La quarta rivoluzione industriale sta progressivamente trasformando le vecchie forme del lavoro. Per molti aspetti è un grande passo avanti. Saranno sempre di più le macchine a svolgere i lavori pericolosi e ripetitivi; e anche quelli noiosi e privi di gratificazione per chi li compie. Le vie dell’intelligenza artificiale non richiederanno tuttavia solo che si mantenga il primato dell’intelligenza delle persone, ma che si sviluppi il potere di governare il cambiamento. Ogni società che voglia sfruttare le opportunità del progresso non può cadere nell’illusione che sarà comunque la mano invisibile del mercato a far conquistare i più grandi obiettivi con il minimo costo.

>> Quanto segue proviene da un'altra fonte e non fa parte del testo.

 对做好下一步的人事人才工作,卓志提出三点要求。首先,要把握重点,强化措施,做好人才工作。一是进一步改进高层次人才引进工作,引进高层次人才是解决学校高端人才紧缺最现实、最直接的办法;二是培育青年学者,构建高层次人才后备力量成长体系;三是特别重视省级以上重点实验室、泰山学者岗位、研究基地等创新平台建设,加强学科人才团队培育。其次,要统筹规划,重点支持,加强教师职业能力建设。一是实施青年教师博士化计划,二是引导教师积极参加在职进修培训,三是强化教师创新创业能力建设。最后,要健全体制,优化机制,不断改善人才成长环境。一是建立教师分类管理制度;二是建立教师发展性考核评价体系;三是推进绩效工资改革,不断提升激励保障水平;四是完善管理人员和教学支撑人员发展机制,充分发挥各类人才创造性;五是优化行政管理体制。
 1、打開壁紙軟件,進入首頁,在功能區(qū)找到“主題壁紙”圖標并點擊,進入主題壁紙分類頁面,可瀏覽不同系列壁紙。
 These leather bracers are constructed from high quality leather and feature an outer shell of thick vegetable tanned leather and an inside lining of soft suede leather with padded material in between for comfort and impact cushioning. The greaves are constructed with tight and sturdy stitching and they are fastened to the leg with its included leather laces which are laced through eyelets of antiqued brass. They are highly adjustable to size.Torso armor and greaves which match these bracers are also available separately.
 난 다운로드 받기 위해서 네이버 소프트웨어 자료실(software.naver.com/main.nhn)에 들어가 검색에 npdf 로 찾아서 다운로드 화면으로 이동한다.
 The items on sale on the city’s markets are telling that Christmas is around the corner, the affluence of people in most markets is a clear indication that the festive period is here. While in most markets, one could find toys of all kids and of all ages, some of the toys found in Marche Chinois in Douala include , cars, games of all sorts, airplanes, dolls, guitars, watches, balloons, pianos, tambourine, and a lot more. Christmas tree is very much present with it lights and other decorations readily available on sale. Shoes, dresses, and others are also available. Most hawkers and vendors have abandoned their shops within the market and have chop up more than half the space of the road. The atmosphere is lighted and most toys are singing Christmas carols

Le ragioni sono molte. La dinamica della produzione tende sempre più a staccarsi da quella dell’occupazione. La creazione di valore è sempre più affidata alle dimensioni finanziarie e a quelle che derivano dalla moltiplicazione dell’informazione. La produzione dei redditi è sempre di più all’origine dell’allargamento delle disuguaglianze con una fascia di persone che rischia non solo la povertà, ma anche l’isolamento e l’emarginazione.
Non è ancora possibile verificare se i posti di lavoro che la rivoluzione tecnologica saprà produrre potranno compensare, anche solo a livello numerico, la perdita di occupazione che inevitabilmente i nuovi processi produttivi porteranno con la loro applicazione. Già ora le analisi sociali mettono in luce come sia praticamente tramontato il vecchio modello fordista-taylorista dell’occupazione e come, anche grazie all’impegno dei sindacati, si sia trasformato il lavoro nelle fabbriche. E insieme a questo c’è l’affermarsi di nuove forme, magari precarie, individuali e frammentate, che sfuggono ai tradizionali paradigmi. Senza dimenticare quel vasto campo del lavoro non retribuito in senso monetario, un lavoro che va dall’impegno domestico al volontariato nel suo più ampio spettro.

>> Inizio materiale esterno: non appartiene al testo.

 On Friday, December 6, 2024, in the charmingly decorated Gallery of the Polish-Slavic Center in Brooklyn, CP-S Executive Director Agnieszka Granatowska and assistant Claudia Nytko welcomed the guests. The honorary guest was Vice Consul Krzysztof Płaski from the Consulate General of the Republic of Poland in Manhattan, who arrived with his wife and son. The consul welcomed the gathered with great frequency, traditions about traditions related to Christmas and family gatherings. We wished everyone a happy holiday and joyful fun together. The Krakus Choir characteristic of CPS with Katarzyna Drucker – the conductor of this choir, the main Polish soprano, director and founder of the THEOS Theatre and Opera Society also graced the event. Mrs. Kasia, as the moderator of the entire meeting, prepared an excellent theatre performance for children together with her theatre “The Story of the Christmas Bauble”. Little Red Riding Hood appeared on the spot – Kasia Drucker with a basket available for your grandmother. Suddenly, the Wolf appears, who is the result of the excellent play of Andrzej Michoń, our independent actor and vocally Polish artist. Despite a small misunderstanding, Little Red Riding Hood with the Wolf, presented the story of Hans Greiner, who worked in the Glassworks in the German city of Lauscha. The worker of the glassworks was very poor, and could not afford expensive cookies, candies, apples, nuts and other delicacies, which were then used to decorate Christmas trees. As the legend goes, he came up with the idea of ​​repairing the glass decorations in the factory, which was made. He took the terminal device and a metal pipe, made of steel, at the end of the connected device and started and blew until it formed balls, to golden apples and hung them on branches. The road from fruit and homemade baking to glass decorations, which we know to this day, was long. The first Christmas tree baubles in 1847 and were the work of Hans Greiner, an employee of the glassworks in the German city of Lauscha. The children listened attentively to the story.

“Non tutto il lavoro è occupazione” ricorda nel suo ultimo libro Rosangela Lodigiani (“Lavoratori e cittadini”, Ed. Vita e pensiero, pagg. 134) mettendo in luce come sia non solo utile, ma indispensabile non ridurre il lavoro a una merce, con un valore espresso essenzialmente dal prezzo, ma valorizzare anche le forme di lavoro non di mercato, forme che “lungi dall’essere residuali, sono ancora oggi parti essenziali, sostanziali e persino in crescita del funzionamento della società”. Siamo quindi di fronte all’opportunità “di sviluppare garanzie e protezione per quelle molteplici attività che hanno un riconosciuto valore sociale e che rappresentano dei beni di interesse collettivo in quanto promuovono l’integrazione sociale”.
C’è in questo richiamo la volontà di uscire da quella visione di un lavoro capace di garantire dignità alle persone solo in misura proporzionale al reddito che garantisce. Una visione che almeno in parte è inserita anche nell’ipotesi di reddito di cittadinanza, un’ipotesi apprezzabile per la volontà di sostenere chi fatica a trovare un impiego, ma che appare difficile allargare a un progetto di partecipazione estesa al più vasto ambito dell’impegno sociale. Il rischio, anche in questo caso, può essere infatti quello di veder protagonista la logica centralistica e burocratica rispetto alla necessità di valorizzare i corpi intermedi, le realtà locali, le più varie dimensioni della sussidiarietà.